» **AIM OF THE EXERCISE**
Could you transcribe exactly the lines from the one containing "Chill đúng nghĩa." through the last line of the records below, leaving out the pictures?

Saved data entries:
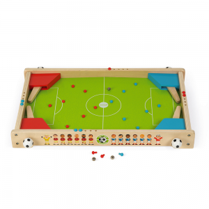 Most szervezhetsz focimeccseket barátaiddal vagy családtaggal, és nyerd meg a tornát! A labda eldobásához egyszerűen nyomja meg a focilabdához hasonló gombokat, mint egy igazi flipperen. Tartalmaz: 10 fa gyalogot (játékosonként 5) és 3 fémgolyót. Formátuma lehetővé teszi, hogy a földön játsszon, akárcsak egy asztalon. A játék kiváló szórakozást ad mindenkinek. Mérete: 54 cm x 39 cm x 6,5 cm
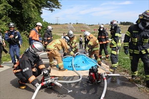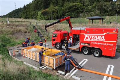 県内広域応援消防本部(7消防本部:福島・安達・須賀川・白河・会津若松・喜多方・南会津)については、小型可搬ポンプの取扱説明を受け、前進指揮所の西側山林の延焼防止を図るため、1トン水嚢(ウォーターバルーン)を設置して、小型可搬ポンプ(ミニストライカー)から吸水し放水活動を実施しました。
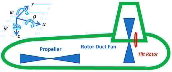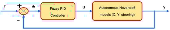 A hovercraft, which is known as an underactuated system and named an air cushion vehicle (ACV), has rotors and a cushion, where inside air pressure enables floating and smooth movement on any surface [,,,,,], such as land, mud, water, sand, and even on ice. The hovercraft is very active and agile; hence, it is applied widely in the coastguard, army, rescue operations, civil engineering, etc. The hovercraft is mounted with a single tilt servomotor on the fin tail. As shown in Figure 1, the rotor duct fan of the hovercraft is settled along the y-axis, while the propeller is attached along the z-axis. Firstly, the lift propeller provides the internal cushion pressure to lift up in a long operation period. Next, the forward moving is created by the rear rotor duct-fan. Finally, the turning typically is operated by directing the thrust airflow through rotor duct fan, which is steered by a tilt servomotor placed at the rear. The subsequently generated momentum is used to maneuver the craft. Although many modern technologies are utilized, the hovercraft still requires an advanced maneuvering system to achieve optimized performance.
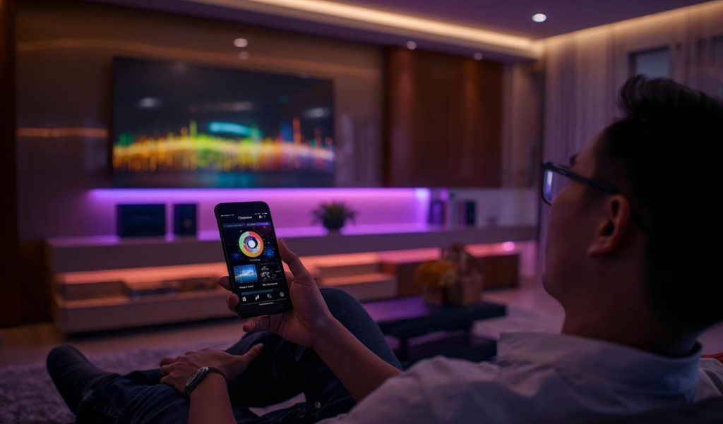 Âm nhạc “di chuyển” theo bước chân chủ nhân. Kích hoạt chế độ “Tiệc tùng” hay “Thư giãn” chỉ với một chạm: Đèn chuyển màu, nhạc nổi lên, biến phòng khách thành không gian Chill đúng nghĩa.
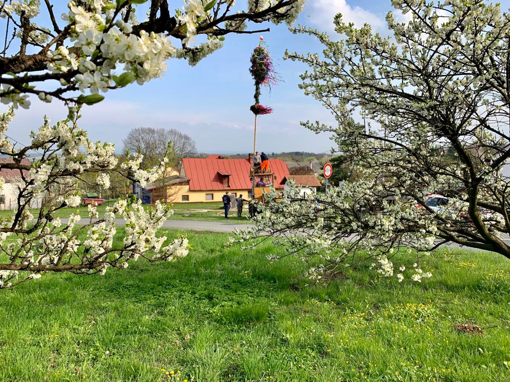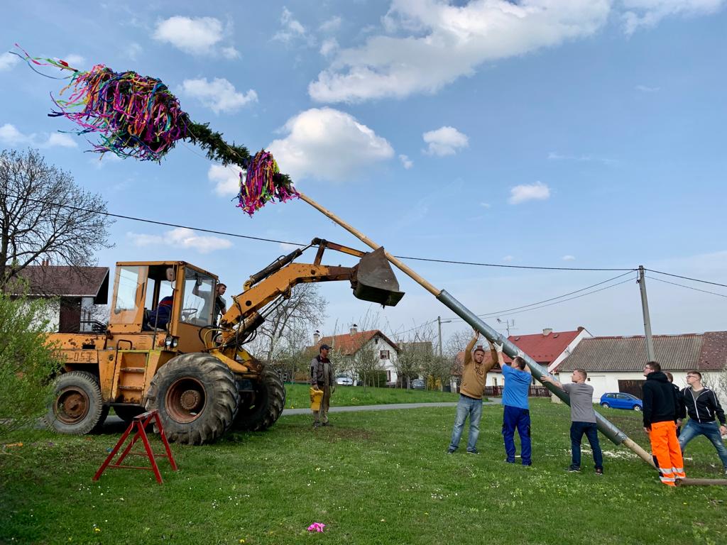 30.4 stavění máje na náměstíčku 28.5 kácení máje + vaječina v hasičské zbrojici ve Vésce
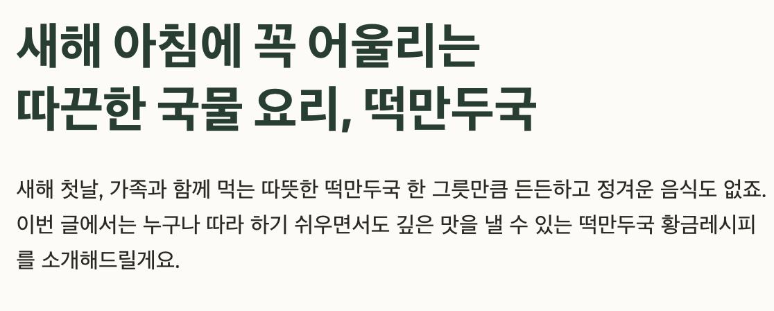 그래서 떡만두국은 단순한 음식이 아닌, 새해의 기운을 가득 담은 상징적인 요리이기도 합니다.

» **RESPONSE AREA**
 Âm nhạc “di chuyển” theo bước chân chủ nhân. Kích hoạt chế độ “Tiệc tùng” hay “Thư giãn” chỉ với một chạm: Đèn chuyển màu, nhạc nổi lên, biến phòng khách thành không gian Chill đúng nghĩa.
 30.4 stavění máje na náměstíčku 28.5 kácení máje + vaječina v hasičské zbrojici ve Vésce
 그래서 떡만두국은 단순한 음식이 아닌, 새해의 기운을 가득 담은 상징적인 요리이기도 합니다.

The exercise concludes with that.